Many seamen are provided health insurance through their employer. When these individuals suffer a work-related injury under the Jones Act, very often their employers will ask them (or even tell them) to use their private health insurance to pay for medical treatment related to their work injury. There are several concerns about using your own medical insurance to pay for a work-related injury.
First, many health insurance companies do not pay for injuries which are work-related. They’ll often have a provision in their policies which states the insurance does not pay for work-related injuries. Your health insurance policy should have a section called “Exclusions/Limitations” or something along those lines.
If you choose to charge your medical treatment to your private health insurance, make sure you clearly state that the medical treatment relates to a work injury. We always advise our clients and potential clients to be very honest and specific when providing their histories to their treating physicians.
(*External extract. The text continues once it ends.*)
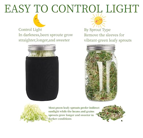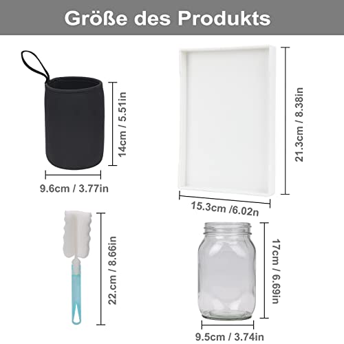 🌱 【Komplettes Sprossen-Set】 Mit diesem Sprossenglas-Set können Sie zu Hause Ihre eigenen leckeren Sprossen und Microgreens züchten. Das Set enthält 2 x 1000ml Mason-Gläser mit weitem Mund, 2 Sprossendeckel, 1 Tropfschale, 2 Schirmdeckel, 2 Edelstahlhalter und 1 Einmachbürste (Samen nicht enthalten). • 🌱 【Sichere und exzellente Materialien】 Die Keimdeckel sind aus rostfreiem Stahl gefertigt und 100% rostfrei. Die Glasgefäße sind bleifrei. Die Tropfschale ist aus hochwertigem Kunststoff gefertigt und hat das schöne unzerbrechliche Aussehen von Keramik, was sie stärker und haltbarer macht. Der verstellbare Ständer hält das Glas in einem optimalen Winkel, um eine gute Luftzirkulation und Drainage zu gewährleisten. • 🌱 【Einfache Keimung der Samen】Sie brauchen nur Samen und Wasser. Das professionelle Design sorgt für eine ausreichende Belüftung und Drainage, die beide für eine erfolgreiche Keimung unerlässlich sind. Weichen Sie die Samen einfach in etwa 1,5 cm Wasser ein, und schon sind sie keimbereit. Weichen Sie die Samen etwa 8 Stunden lang ein und spülen Sie sie dann zweimal täglich mit Wasser ab, und Sie werden in nur 3 bis 5 Tagen frisch gekeimte Setzlinge haben. • 🌱 【Design-Details】 Unsere Schalen sind hoch genug, um das ablaufende Wasser aufzufangen und die Arbeitsfläche nicht zu benetzen, der Edelstahlständer sorgt für eine gute Stabilität der Mason-Gläser und die hochtransparenten Keimgläser ermöglichen es Ihnen, die Keimlinge beim Keimen zu beobachten. Mit unserer einzigartigen Schattenabdeckung können Sie die Umgebung Ihrer Sprossen kontrollieren, die Keimzeit verkürzen und längere Sprossen wachsen lassen. • 🌱 【Gesund und unterhaltsam】 Der Anbau von Sprossen ist ein Spaß für die ganze Familie, und Kinder können auf spielerische Weise lernen, ihre eigenen Lebensmittel anzubauen. Züchten Sie Ihre eigenen Sprossen und Microgreens zu Hause, um ein frischeres und nahrhafteres Erlebnis zu haben! Sprossen liefern fast so viel Chlorophyll, Enzyme und Nährstoffe wie anderes Gemüse. Dieses Sprossenglas-Set ist ein schönes Geschenk für Familie, Freunde und Kollegen für alle Feiertage und Jubiläen.

You want to make sure that you explain fully to your doctors that your injury occurred on a vessel or oil rig while you were working, and you want to fill in such information on any doctor or hospital forms where you may receive treatment. You’ll want to give a full history of how the injury occurred so that it’s clear you are not trying to misrepresent the nature of your work injury.
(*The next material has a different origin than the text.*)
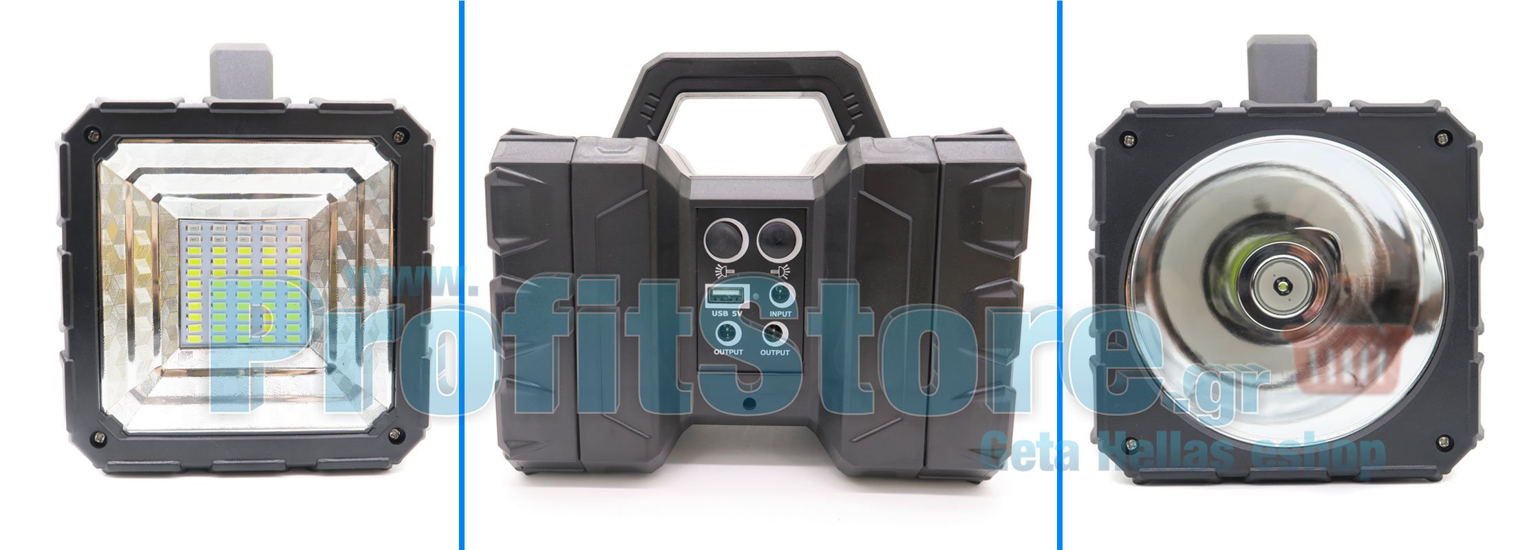 Η κύρια μονάδα είναι ένας πανίσχυρος φακός - προβολέας 500 Lumens που μπορεί να φωτίσει μέχρι και 500 μακρυά, ενώ διαθέτει και ισχυρό φωτιστικό LED υψηλής διάχυτης φωτεινότητας επίσης 500LM! Ταυτόχρονα είναι μικρή και φορητή, ιδανική για χρήση σε εσωτερικό αλλά και σε εξωτερικό χώρο, ενώ ενσωματώνει μεγάλης χωρητικότητας μπαταρία λιθίου

Our office has seen many cases where a maritime employer told an injured worker to use their health insurance to pay for medical treatment, and later the employer claims that the worker misrepresented the nature of his injury since he claimed it on his own private health insurance. Again, it is critical that you clearly state that your injury occurred at work if you are going to put any medical treatment on your own health insurance.
It is generally not up to you to determine whether your health insurance will or will not cover work-related injuries. Rather, it is simply your job to be fully honest and clear that your injury did occur while you were at work on the vessel or oil rig and that it is a work-related injury. If your insurance company chooses to cover such, it is okay and will not harm your Jones Act claim since you have been fully honest. However, if you choose to use your private health insurance, you will likely be creating a debt that you eventually have to repay.
Another concern with using your own health insurance relates to the lien or subrogation rights that your insurer will have for any medical expenses they pay.
Almost every private health insurance policy states that if a third-party claim is filed (or in this case your claim against your employer under the Jones Act) your health insurance company is legally allowed to recover from you all costs it has paid for medical treatment, up to the amount that you may recover through your suit. In other words, if your insurer pays $50,000 in medical costs, your insurer is then entitled to receive the full $50,000 payment out of any money that you may recover under your case. If your private health insurance company pays for medical expenses, in almost all circumstances you will be obligated to repay your medical expenses.
If your employer had properly paid for your medical expenses since the beginning of your injury as required by law, you would not need to pay any of your settlement money back to your health insurer.
Finally, a practical concern with using your own health insurance relates to delaying your claim. Very often employers will instruct injured workers to put their medical expenses on their own insurance. They do this in an effort to avoid recognizing the worker’s Jones Act claim. This can go on for months and months, and when the worker does eventually obtain counsel or try to resolve his claim, very often it appears that the employee was trying to hide that the injury occurred at work.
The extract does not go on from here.